**Work instructions:**
Only the lines from the beginning of the entries through the one that holds "Phân bón lá" may appear in the answer, written out exactly and free of pictures.

**Supplied records:**
════

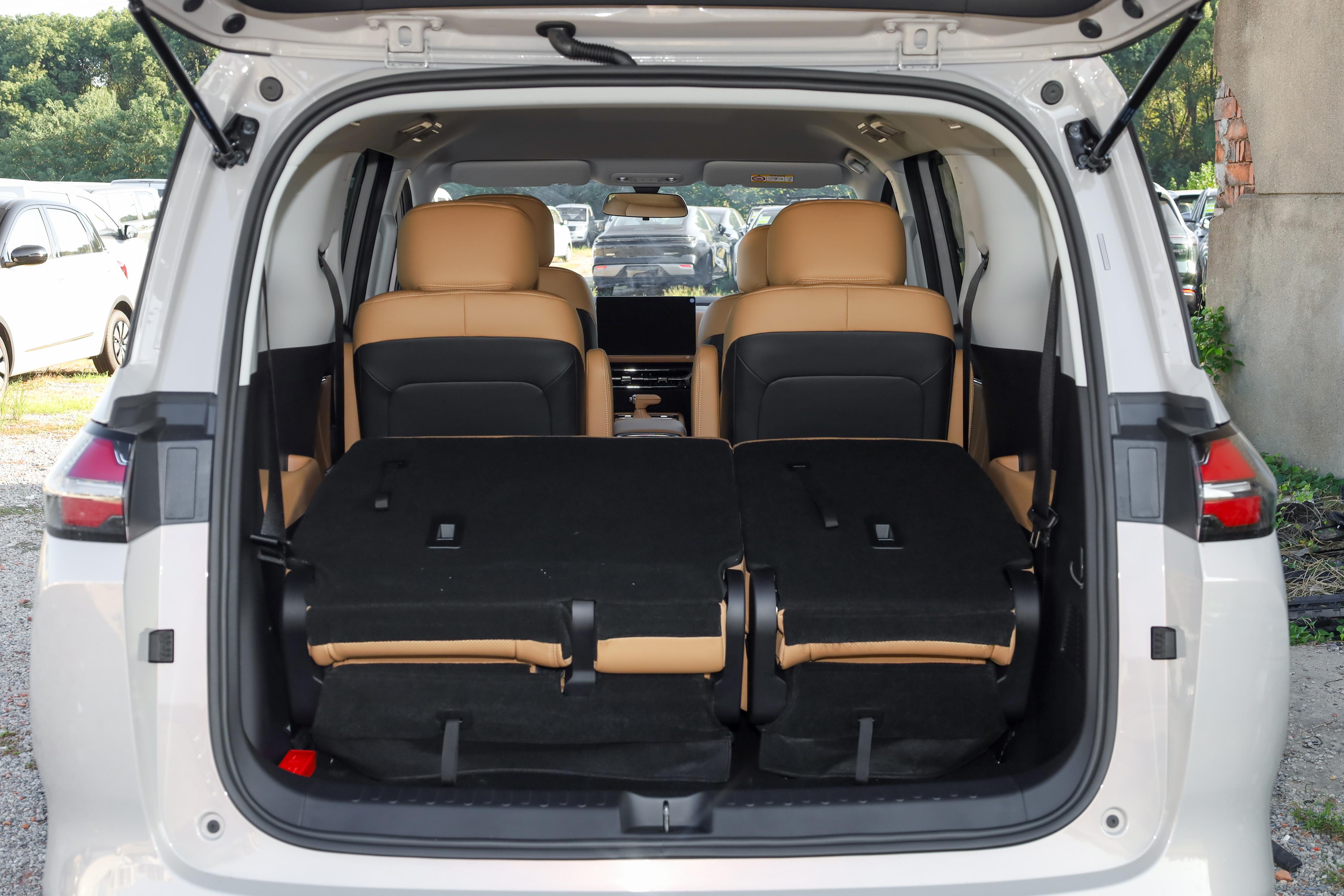纯电版更偏商用,我试了几天城乡接客场景。续航500km,市区跑单轻松200km起步,快充20分钟够用,百公里13.6kWh,成本低到忽略不计。想象下饭店老板用它接送客人:宽敞空间放两张折叠椅,后备厢塞菜单和食材,电动门一开,客人上车稳当;或者摄影团队拉设备,第三排翻折后箱子平整,续航够一天外拍不充电。实际开着,电机100kW推重比好,起步快,超车不虚。缺点是长途得规划充电,但对城际短途或固定路线,纯电的零排放和低噪绝对加分。跟燃油版比,它更环保,商用场景下维护简单,不用换机油。
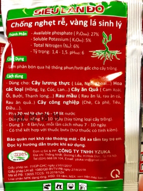 Phân bón lá cao cấp SIÊU LÂN ĐỎ giúp cây ra rễ nhanh, chống rét, chịu hạn, giải độc thuốc BVTV , tăng khả năng đề kháng vàng lá, xoăn lá...
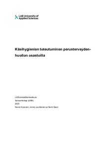 (2025)Tämän opinnäytetyön tarkoituksena oli tutkia, miten käsihygienia toteutuu hoitohenkilökunnan kokemuksien perusteella ja mitkä asiat hoitohenkilökunta kokee estävän hyvän käsihygienian toteutumista perusterveydenhuollon ... -
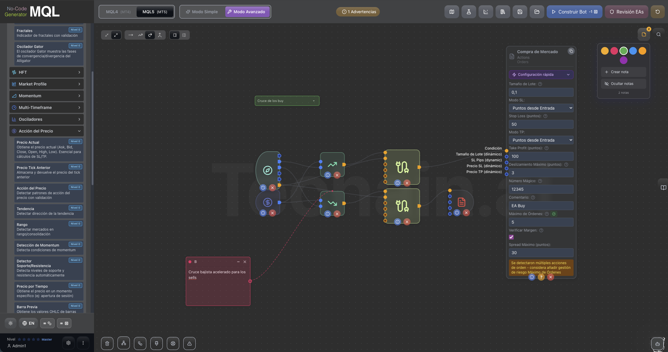 Qué resuelven: Resuelven la necesidad de documentar y organizar estrategias complejas sin ensuciar el código ni añadir nodos falsos. Las notas no intervienen en la generación del EA: el generador las ignora por completo, así que podéis usarlas con total libertad. Además, se guardan con el proyecto (proyectos personales, biblioteca, etc.) y podéis eliminar una conexión nota–nodo haciendo clic sobre la línea punteada.
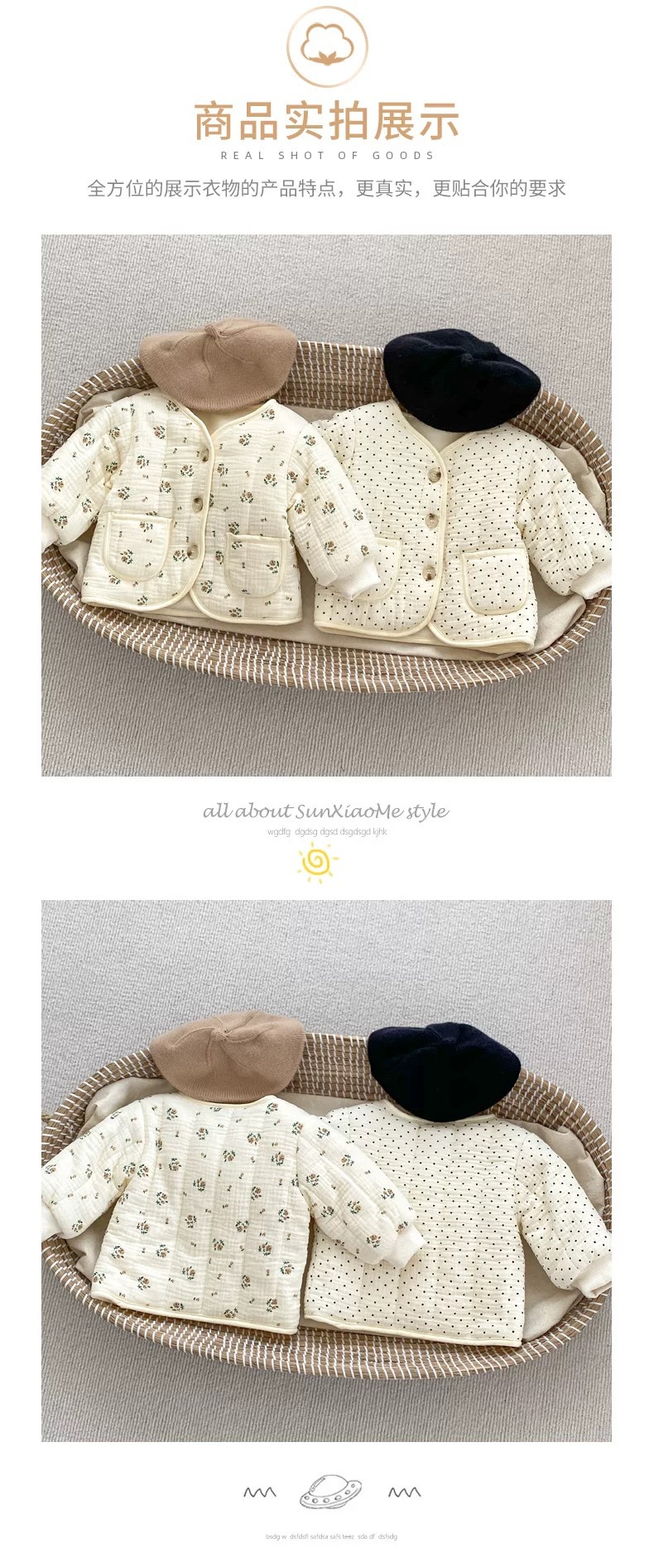 Capa de algodón para niños invierno engrosado bebé fuera de la ropa 2025 otoño y invierno ropa coreana impresa de hilo de algodón de acero
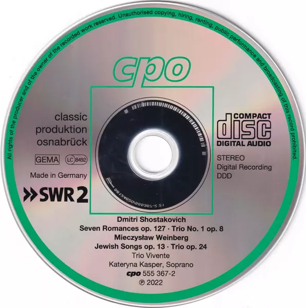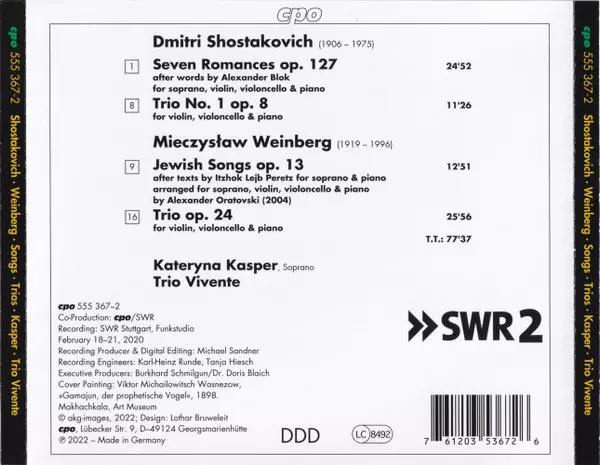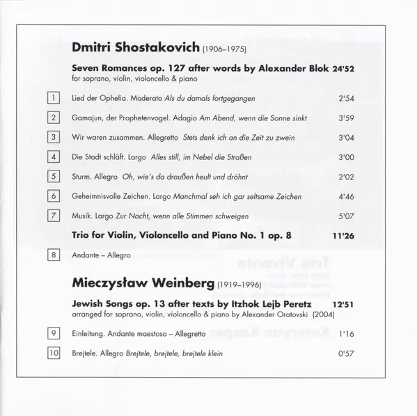 | Dmitri Shostakovich, Trio Vivente, Kateryna Kasper: Seven Romances Op. 127 | 24:52 min | |
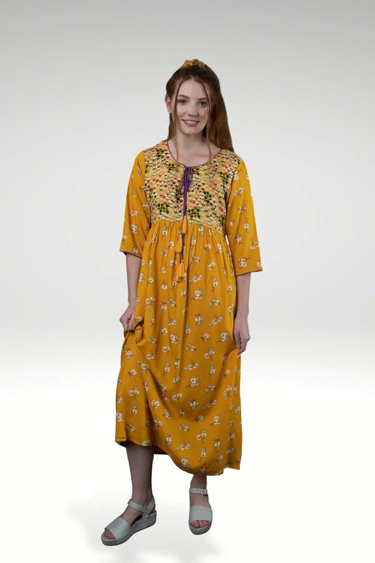 A delightful dress inspired by warm, sunny tones. Its comfortable structure ensures easy movement and all-day wear. Ideal for weekend outings or casual gatherings.Features Warm...
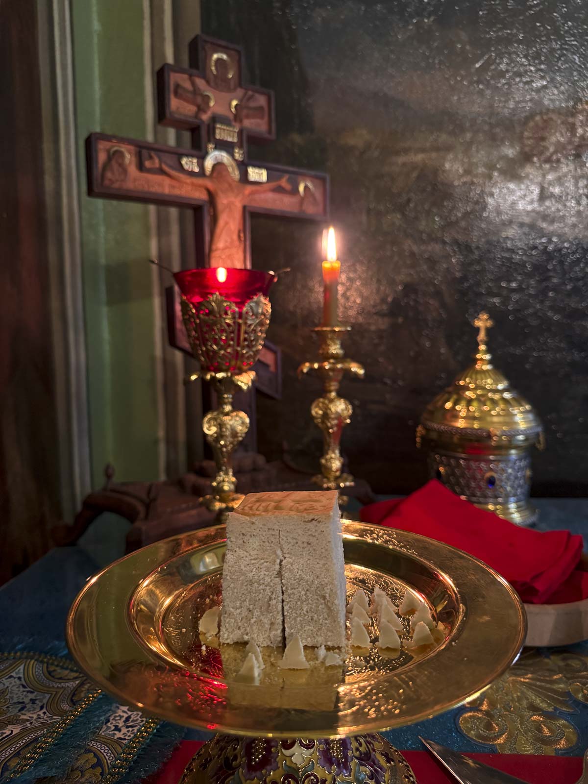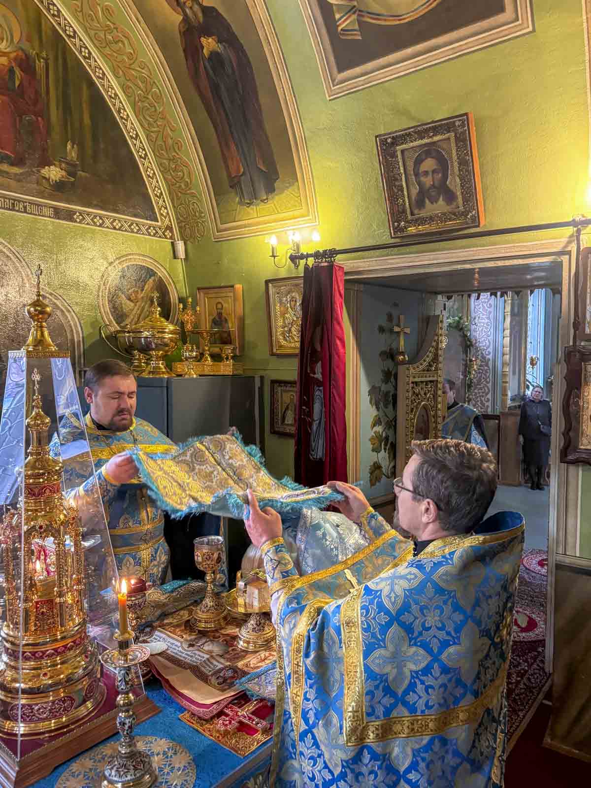 За богослужением были вознесены сугубые молитвенные прошения о восстановлении мира.
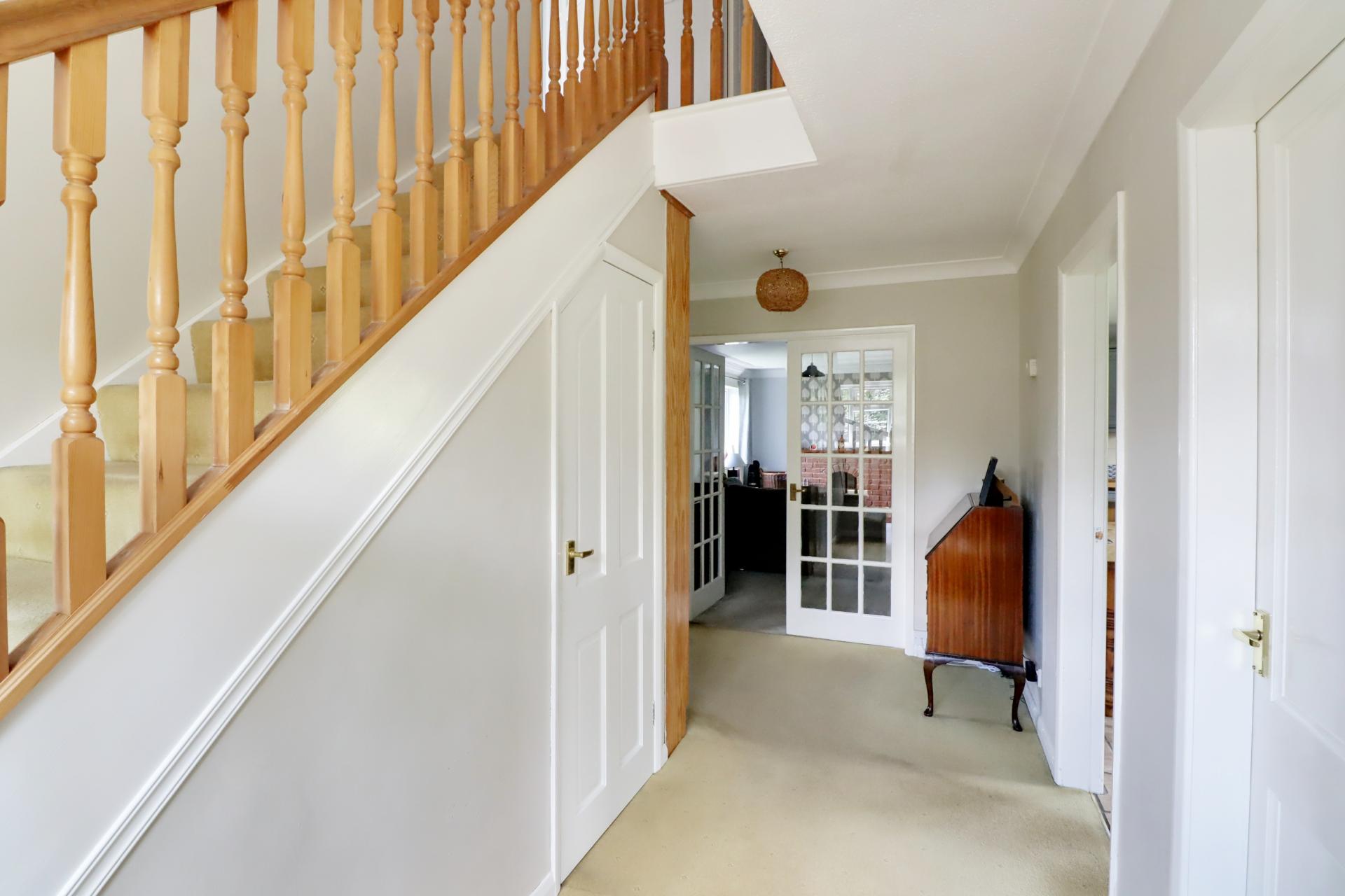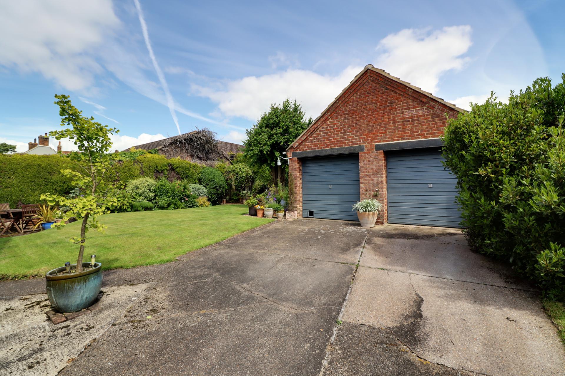GROUNDS The property sits in private mature gardens being elevated from the road behind lawned gardens with mature shrub and tree borders providing excellent privacy and screening, a sheltered front entrance door and a sweeping central driveway that continues down the side of the property allowing extensive parking and access to the detached double garage. The rear garden is principally lawned with mature borders with a hard standing seating area.
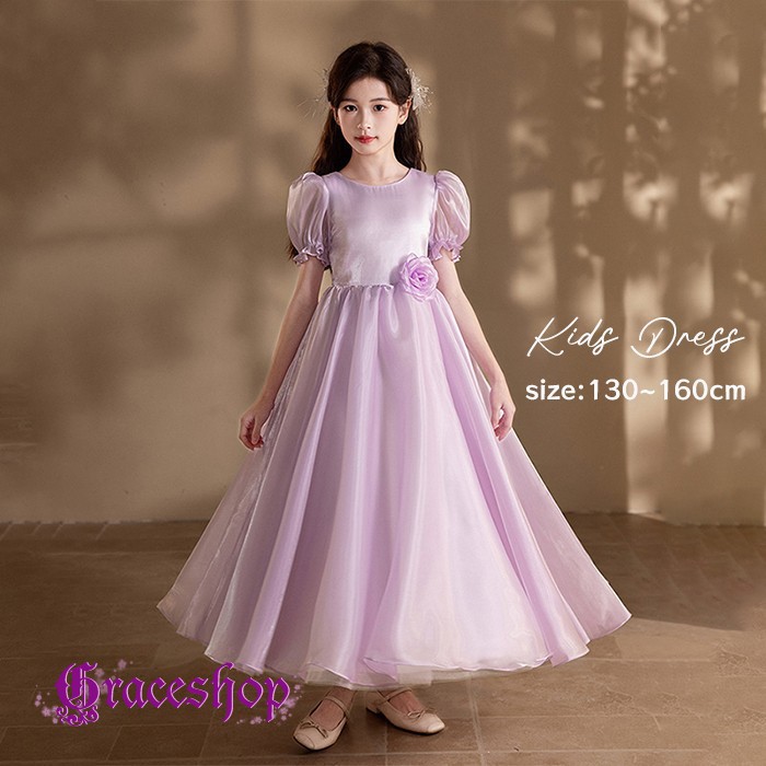 ドレス 子供 発表会 演奏会 パープル 紫 結婚式 女の子 ジュニア ピアノ発表会 130 140 150 160 フォーマル
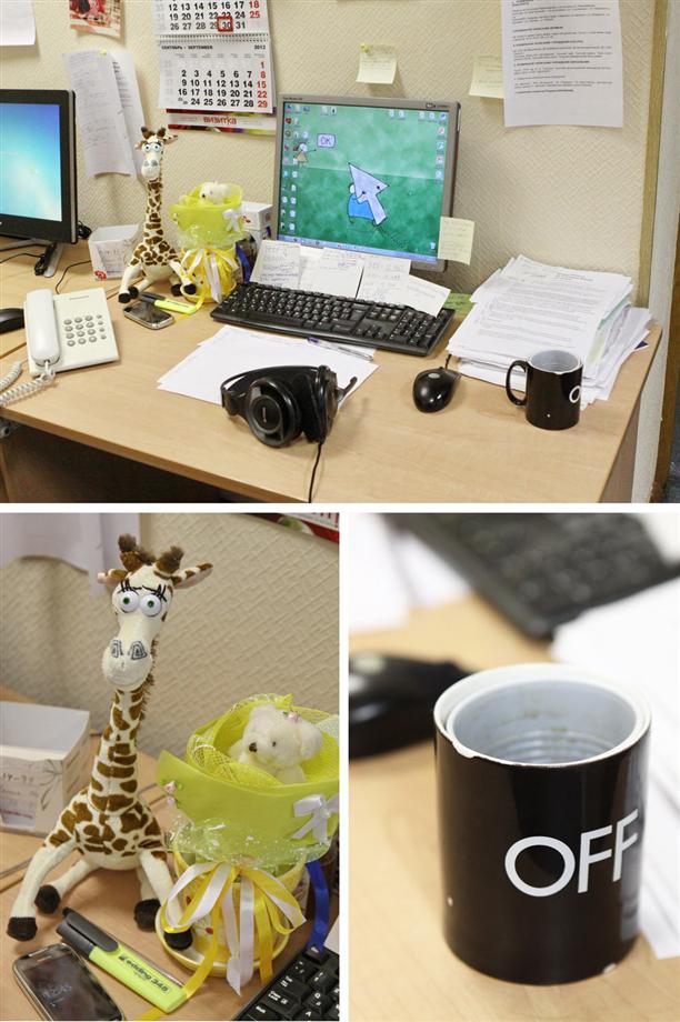 - Я считаю, что рабочее место должно доставлять удовольствие. Не только физическое (удобство, например), но и эстетическое. Поэтому меня ежедневно радует своими глупыми глазками жираф (напоминает, что мозги есть и без них никуда), ну а относительно "букета из медвежонка" - я просто люблю цветы, но живые бы быстро завяли. Нашла вот такую альтернативу)) От комментариев относительно пустого стаканчика в кружке - отказываюсь) Это будет сложно объяснить)
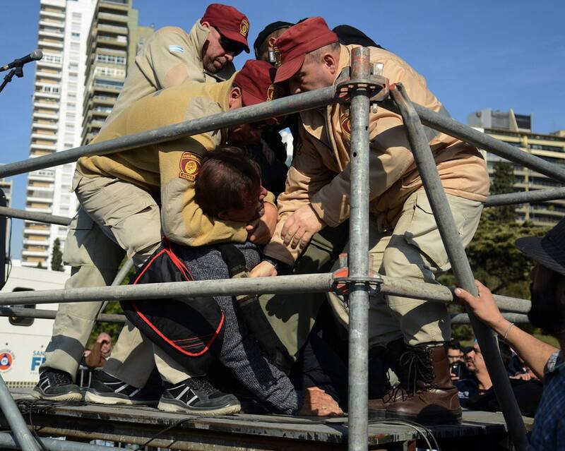 Finalmente fue reducido por agentes de la Guardia Urbana Municipal (GUM) y personal de Gendarmería que custodia el acto y quedó detenido.

════

**Answer for the task:**
纯电版更偏商用,我试了几天城乡接客场景。续航500km,市区跑单轻松200km起步,快充20分钟够用,百公里13.6kWh,成本低到忽略不计。想象下饭店老板用它接送客人:宽敞空间放两张折叠椅,后备厢塞菜单和食材,电动门一开,客人上车稳当;或者摄影团队拉设备,第三排翻折后箱子平整,续航够一天外拍不充电。实际开着,电机100kW推重比好,起步快,超车不虚。缺点是长途得规划充电,但对城际短途或固定路线,纯电的零排放和低噪绝对加分。跟燃油版比,它更环保,商用场景下维护简单,不用换机油。
 Phân bón lá cao cấp SIÊU LÂN ĐỎ giúp cây ra rễ nhanh, chống rét, chịu hạn, giải độc thuốc BVTV , tăng khả năng đề kháng vàng lá, xoăn lá...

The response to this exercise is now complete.